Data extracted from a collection
------------------------------------

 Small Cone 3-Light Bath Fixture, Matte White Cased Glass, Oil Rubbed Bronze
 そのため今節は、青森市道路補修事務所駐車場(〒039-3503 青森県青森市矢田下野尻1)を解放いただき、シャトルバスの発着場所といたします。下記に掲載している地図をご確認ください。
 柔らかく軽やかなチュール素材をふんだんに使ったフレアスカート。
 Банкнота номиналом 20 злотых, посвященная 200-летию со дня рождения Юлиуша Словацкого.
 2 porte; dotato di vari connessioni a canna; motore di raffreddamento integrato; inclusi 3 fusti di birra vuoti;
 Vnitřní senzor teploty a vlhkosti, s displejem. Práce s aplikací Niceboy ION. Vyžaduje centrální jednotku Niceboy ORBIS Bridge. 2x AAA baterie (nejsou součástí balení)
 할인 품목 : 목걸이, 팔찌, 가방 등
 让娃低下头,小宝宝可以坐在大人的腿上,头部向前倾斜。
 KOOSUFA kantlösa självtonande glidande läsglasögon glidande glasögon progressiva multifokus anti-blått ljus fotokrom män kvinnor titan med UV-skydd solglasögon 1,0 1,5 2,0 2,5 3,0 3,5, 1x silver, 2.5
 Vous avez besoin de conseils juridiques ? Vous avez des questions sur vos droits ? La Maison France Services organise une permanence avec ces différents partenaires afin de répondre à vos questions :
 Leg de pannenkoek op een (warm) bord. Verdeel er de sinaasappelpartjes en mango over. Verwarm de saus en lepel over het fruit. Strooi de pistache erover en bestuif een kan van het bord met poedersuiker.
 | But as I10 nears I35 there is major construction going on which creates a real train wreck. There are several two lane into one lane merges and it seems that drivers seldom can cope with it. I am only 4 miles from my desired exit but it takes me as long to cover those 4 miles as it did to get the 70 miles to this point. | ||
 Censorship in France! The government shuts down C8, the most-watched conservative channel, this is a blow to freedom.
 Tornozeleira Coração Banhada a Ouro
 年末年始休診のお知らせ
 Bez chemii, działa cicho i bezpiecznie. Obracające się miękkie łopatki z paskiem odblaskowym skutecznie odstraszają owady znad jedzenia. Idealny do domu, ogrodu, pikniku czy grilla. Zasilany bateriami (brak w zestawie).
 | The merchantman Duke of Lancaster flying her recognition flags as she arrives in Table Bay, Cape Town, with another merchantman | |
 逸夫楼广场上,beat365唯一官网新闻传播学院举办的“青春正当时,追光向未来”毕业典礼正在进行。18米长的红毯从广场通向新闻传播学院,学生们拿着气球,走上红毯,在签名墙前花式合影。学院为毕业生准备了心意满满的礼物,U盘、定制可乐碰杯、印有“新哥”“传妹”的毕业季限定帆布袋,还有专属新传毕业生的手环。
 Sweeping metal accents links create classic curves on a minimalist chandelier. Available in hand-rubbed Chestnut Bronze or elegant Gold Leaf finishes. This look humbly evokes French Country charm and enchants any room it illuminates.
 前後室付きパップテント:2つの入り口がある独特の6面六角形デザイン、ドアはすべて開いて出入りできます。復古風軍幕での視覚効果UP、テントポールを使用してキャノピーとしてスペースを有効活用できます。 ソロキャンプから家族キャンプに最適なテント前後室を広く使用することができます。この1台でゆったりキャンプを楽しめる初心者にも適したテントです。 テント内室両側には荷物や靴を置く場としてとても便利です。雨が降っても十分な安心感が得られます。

------------------------------------

- Task prompt -
Each record must be reproduced exactly. Keep every one.

- Answer -
 Small Cone 3-Light Bath Fixture, Matte White Cased Glass, Oil Rubbed Bronze
 そのため今節は、青森市道路補修事務所駐車場(〒039-3503 青森県青森市矢田下野尻1)を解放いただき、シャトルバスの発着場所といたします。下記に掲載している地図をご確認ください。
 柔らかく軽やかなチュール素材をふんだんに使ったフレアスカート。
 Банкнота номиналом 20 злотых, посвященная 200-летию со дня рождения Юлиуша Словацкого.
 2 porte; dotato di vari connessioni a canna; motore di raffreddamento integrato; inclusi 3 fusti di birra vuoti;
 Vnitřní senzor teploty a vlhkosti, s displejem. Práce s aplikací Niceboy ION. Vyžaduje centrální jednotku Niceboy ORBIS Bridge. 2x AAA baterie (nejsou součástí balení)
 할인 품목 : 목걸이, 팔찌, 가방 등
 让娃低下头,小宝宝可以坐在大人的腿上,头部向前倾斜。
 KOOSUFA kantlösa självtonande glidande läsglasögon glidande glasögon progressiva multifokus anti-blått ljus fotokrom män kvinnor titan med UV-skydd solglasögon 1,0 1,5 2,0 2,5 3,0 3,5, 1x silver, 2.5
 Vous avez besoin de conseils juridiques ? Vous avez des questions sur vos droits ? La Maison France Services organise une permanence avec ces différents partenaires afin de répondre à vos questions :
 Leg de pannenkoek op een (warm) bord. Verdeel er de sinaasappelpartjes en mango over. Verwarm de saus en lepel over het fruit. Strooi de pistache erover en bestuif een kan van het bord met poedersuiker.
 | But as I10 nears I35 there is major construction going on which creates a real train wreck. There are several two lane into one lane merges and it seems that drivers seldom can cope with it. I am only 4 miles from my desired exit but it takes me as long to cover those 4 miles as it did to get the 70 miles to this point. | ||
 Censorship in France! The government shuts down C8, the most-watched conservative channel, this is a blow to freedom.
 Tornozeleira Coração Banhada a Ouro
 年末年始休診のお知らせ
 Bez chemii, działa cicho i bezpiecznie. Obracające się miękkie łopatki z paskiem odblaskowym skutecznie odstraszają owady znad jedzenia. Idealny do domu, ogrodu, pikniku czy grilla. Zasilany bateriami (brak w zestawie).
 | The merchantman Duke of Lancaster flying her recognition flags as she arrives in Table Bay, Cape Town, with another merchantman | |
 逸夫楼广场上,beat365唯一官网新闻传播学院举办的“青春正当时,追光向未来”毕业典礼正在进行。18米长的红毯从广场通向新闻传播学院,学生们拿着气球,走上红毯,在签名墙前花式合影。学院为毕业生准备了心意满满的礼物,U盘、定制可乐碰杯、印有“新哥”“传妹”的毕业季限定帆布袋,还有专属新传毕业生的手环。
 Sweeping metal accents links create classic curves on a minimalist chandelier. Available in hand-rubbed Chestnut Bronze or elegant Gold Leaf finishes. This look humbly evokes French Country charm and enchants any room it illuminates.
 前後室付きパップテント:2つの入り口がある独特の6面六角形デザイン、ドアはすべて開いて出入りできます。復古風軍幕での視覚効果UP、テントポールを使用してキャノピーとしてスペースを有効活用できます。 ソロキャンプから家族キャンプに最適なテント前後室を広く使用することができます。この1台でゆったりキャンプを楽しめる初心者にも適したテントです。 テント内室両側には荷物や靴を置く場としてとても便利です。雨が降っても十分な安心感が得られます。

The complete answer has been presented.